## INPUT MATERIAL
•••

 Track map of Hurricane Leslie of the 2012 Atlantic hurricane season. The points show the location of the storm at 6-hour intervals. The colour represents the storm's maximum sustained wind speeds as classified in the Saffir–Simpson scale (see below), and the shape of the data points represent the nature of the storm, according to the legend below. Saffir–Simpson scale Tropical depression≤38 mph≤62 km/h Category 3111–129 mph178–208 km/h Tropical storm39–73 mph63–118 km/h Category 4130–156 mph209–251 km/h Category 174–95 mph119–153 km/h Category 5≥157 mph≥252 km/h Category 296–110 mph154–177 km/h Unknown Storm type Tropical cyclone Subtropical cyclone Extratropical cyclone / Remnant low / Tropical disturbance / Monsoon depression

•••

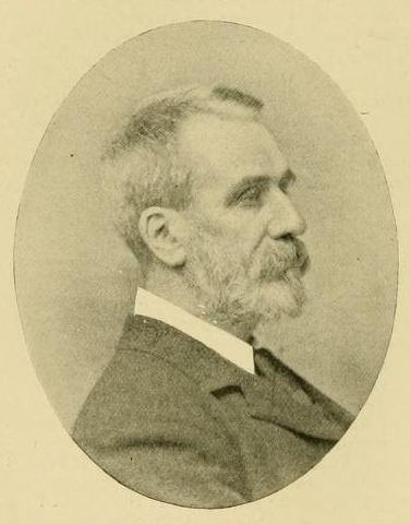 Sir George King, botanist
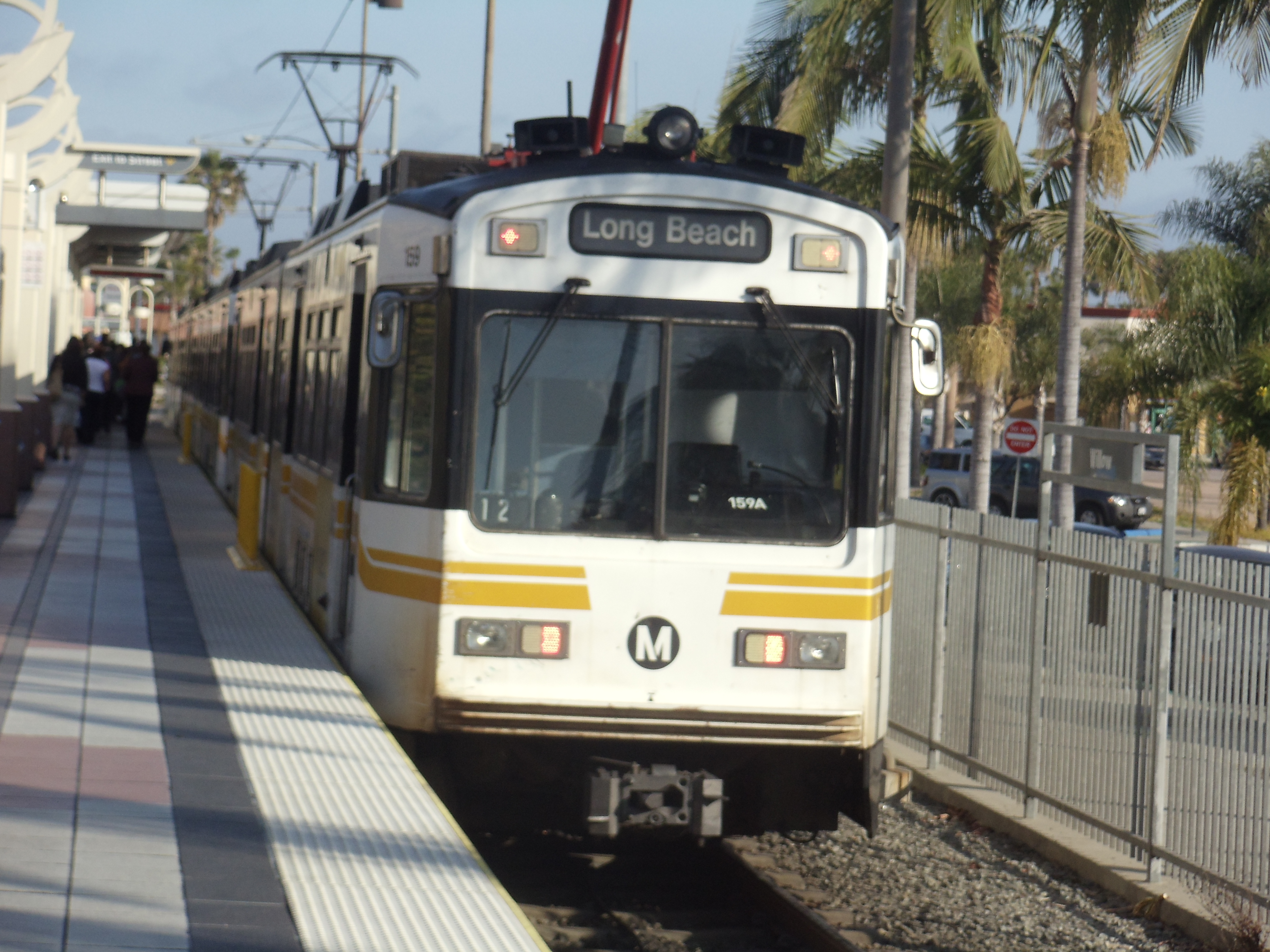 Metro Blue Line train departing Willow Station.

•••

## REQUIREMENT
Once the line with "Sir George King, botanist" is found above, print it and every line after it through the line with "Metro Blue Line", exactly. Pictures stay out.

## TASK OUTPUT
 Sir George King, botanist
 Metro Blue Line train departing Willow Station.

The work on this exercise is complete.